If he had no moral or spiritual aspirations at all, just a desire to vote strategically on his own behalf, then we didn’t share a language or a set of values (even though I myself am an atheist or at least an agnostic) and I might as well have been speaking in Greek.
I’m as hurt by and angry with as much of the left as he was, but I will never stop standing against racism, homophobia, transphobia, and every other form of bigotry.
I started this newsletter because standing between these two poles while taking heat and being wounded by both sides is among the hardest things I’ve ever done and I wanted everyone else in the same space to have a shared and supportive community.

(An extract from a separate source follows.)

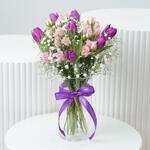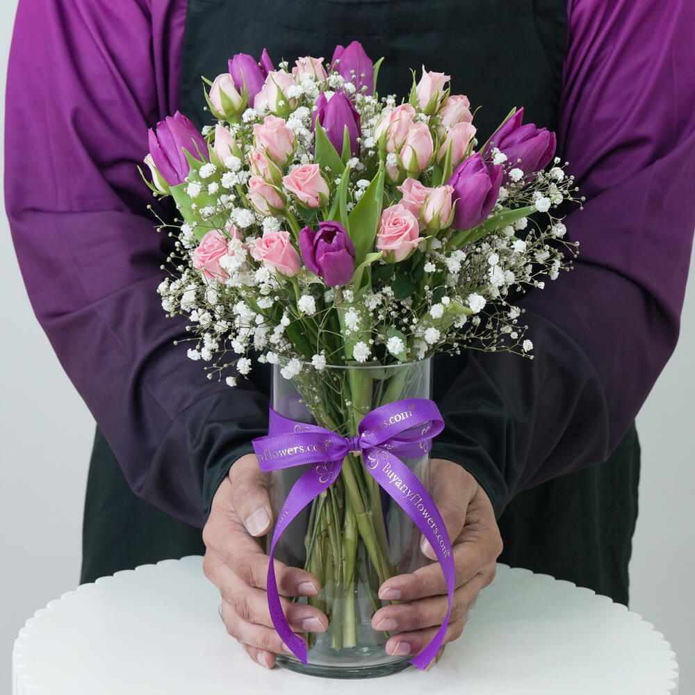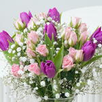 Indulge in a breath of fresh spring no matter the season with this magnificent selection from our Florists Specials. This enchanting arrangement features seven lush stems of radiant purple tulips and four stems of delicate pink baby roses arranged meticulously in a stylish 10 x 12 cm cylinder vase. The arrangement is elegantly accentuated with a single stem of white Gypsophila, lending an ethereal touch to the colorful ensemble. The bouquet is neatly tied with a purple ribbon, echoing the tulips vibrant hue and enhancing the overall presentation. This delightful assortment is a perfect choice to add a striking burst of natures beauty to your space.

Do you know how much easier my life would be and how much money I would make if I just veered hard to one side or the other and went with that full-throttle? I wouldn’t lose anyone, I wouldn’t get pushback, I wouldn’t have people joining me because I stood up against one side and then feeling disappointed that I also took a stand against the other.
Believe me, it’s not fun recognizing how deep and lethal the anti-Semitism and anti-liberalism runs on both the right and the left. Feeling embattled all the time is not conducive to a sense of well-being. I’m here because I feel that not enough people are willing to be vocal and visible in this space and I have to keep calling it as I see it on a case-by-case basis every day.
I’m for us, all day every day, from every angle and in every way. But I also believe that if we’re only for ourselves, then the most sacred part of being Jewish is lost.
As we move into Shabbat, which I desperately need, I wanted to share an excerpt from Eating Animals, a memoir by Jonathan Safran Foer that I feel is relevant here. It’s the book that made me stop buying factory-farm-generated animal products completely and forever.
In this excerpt, he’s in conversation with his grandmother, a Holocaust survivor, as she described nearly starving to death as she ran from the Nazis:
During the War it was hell on earth, and I had nothing. I left my family, you know. I was always running, day and night, because the Germans were always right behind me. If you stopped, you died. There was never enough food. I became sicker and sicker from not eating… I wasn’t too good to eat from a garbage can. I ate the parts others wouldn’t eat… the worst it got was near the end. A lot of people died right at the end, and I didn’t know if I could make it another day. A farmer, a Russian, God bless him, he saw my condition, and he went into his house and came out with a piece of meat for me.
“He saved your life.”
I didn’t eat it.
“You didn’t eat it?”
It was pork. I wouldn’t eat pork.
“Why?”
What do you mean why?
“What, because it wasn’t kosher?”
Of course.
“But not even to save your life?”
If nothing matters, there’s nothing to save.
*
I’ll be back with you on Monday, beloved fam. I wish you a peaceful and restorative Jewish day of rest. I’m confident when I say I’m sure that all of us need it. Hold it as close as you can and take sustenance from it for next week, and all the weeks in the foreseeable future, because we will surely need it.
I love you all.
Shabbat shalom.
Am Yisrael Chai.
as a black woman I am privy to many feelings and communications that perhaps everyone does not have access to and I have the same conversations that you are having and I am having them with Black people.
And the conversations centers around illegal immigration. I know plenty of Black people that are ready willing and able to call ice on our undocumented neighbors because 54% of the men voted for Trump. I will never punch down in my disappointment and anger.
Much like your friend, black people, particularly black women are --"saying we are only for ourselves now. So whatever is happening in Gaza and Lebanon it's not our business; whoever gets deported by ice, it's not our business; we intend to mind our black business"; as you know, I do not have that luxury.
So I find community where I build it. I like it here, I like this space.